Number of Accounting Class Actions Steady Over Last Two Years
There was not much change in the number of accounting-related securities class-action lawsuits that were filed in 2013 over the previous year, but analysts recently found that accounting case settlements in which an auditor was named as a defendant reached a three-year high last year.
There were 47 accounting class actions filed against companies in 2013, up slightly from the 46 filed in 2012, according to a new report from economic and financial consulting firm Cornerstone Research. Still, those numbers are significantly lower than the yearly average of 72 accounting case filings over the last decade.
Of those 47 accounting cases in 2013, 44 resulted in settlements, compared to 38 settlements in 2012. Again, the number of settlements the past two years is lower than the 10-year average of nearly 58.

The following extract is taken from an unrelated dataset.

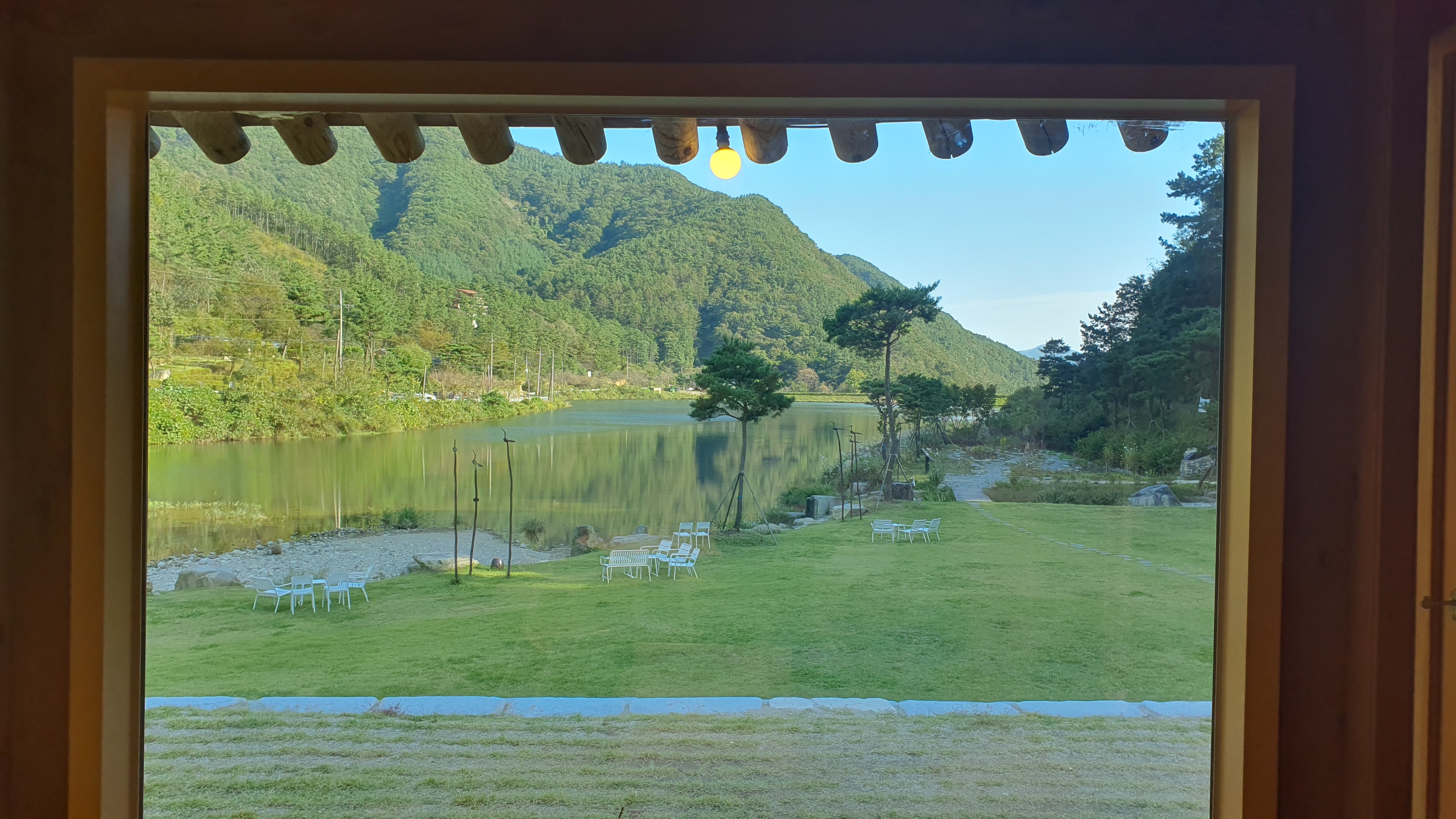 통창 너머로 아름다운 저수지와 잘 어우러진 야외 잔디마당이 눈을 시원하게 합니다.

Cornerstone Research believes the low number of settlements since 2012 is due to a lack of new types of securities class actions, such as those involving Chinese reverse mergers.
According to Charles Lee, PhD, Joseph McDonald professor of accounting at the Stanford Graduate School of Business, many Chinese companies enter US capital markets through reverse mergers, in which a closely held firm buys a US shell company already public on an exchange, allowing them to list shares without the scrutiny of a public offering.
“While there were very few new Chinese reverse merger cases filed in 2013, over 30 percent of accounting case settlements were Chinese reverse merger cases,” Laura Simmons, PhD, a senior advisor at Cornerstone Research, said in a written statement. “The presence of these cases, which tend to involve smaller firms and lower shareholder losses, contributed to a drop in the total value of accounting case settlements. Chinese reverse merger cases are also different in that they more frequently name auditors as defendants.”
According to the report, six out of the 14 Chinese reverse merger settlements in 2013 involved auditors who were named as defendants. In addition, auditors were defendants in 12 out of the 44 accounting cases that settled in 2013, up from eight of the 38 cases settled in 2012 and four of the 33 cases settled in 2011.
Cornerstone Research also noted that a renewed emphasis by the US Securities and Exchange Commission (SEC) to crack down on accounting fraud could boost the number of accounting class-action cases in the future.
“It is conceivable that the SEC’s current focus could provide an opportunity for plaintiff counsel to make accounting-related cases a future wave in securities class actions,” Elaine Harwood, PhD, vice president of Cornerstone Research and head of the firm’s accounting practice, said in a written statement.
During a House Financial Services Committee hearing on Tuesday, SEC Chair Mary Jo White told lawmakers that the agency’s Enforcement Division continues to focus on identifying securities law violations relating to the preparation of financial statements, issuer reporting and disclosure, and audit failures.
“Last fall, the staff formed the Financial Reporting and Audit Task Force, which is working to identify areas susceptible to fraudulent financial reporting through an on-going review of financial statement restatements and revisions, analysis of performance trends by industry, and the use of technology-based tools,” White said during the hearing. “As a result of the work of the task force, a number of new investigations and inquiries are underway, including matters focused on both traditional and emerging financial fraud issues.”
She also noted that the Enforcement Division recently launched a risk-based initiative, called “Operation Broken Gate,” that identifies auditors who may have violated federal securities laws or failed to comply with US auditing standards during their audits and reviews of public company financial statements.
“Thus far, Operation Broken Gate’s efforts have led to actions against five auditors and their affiliated firms, resulting in suspensions from the ability to audit public companies,” White said.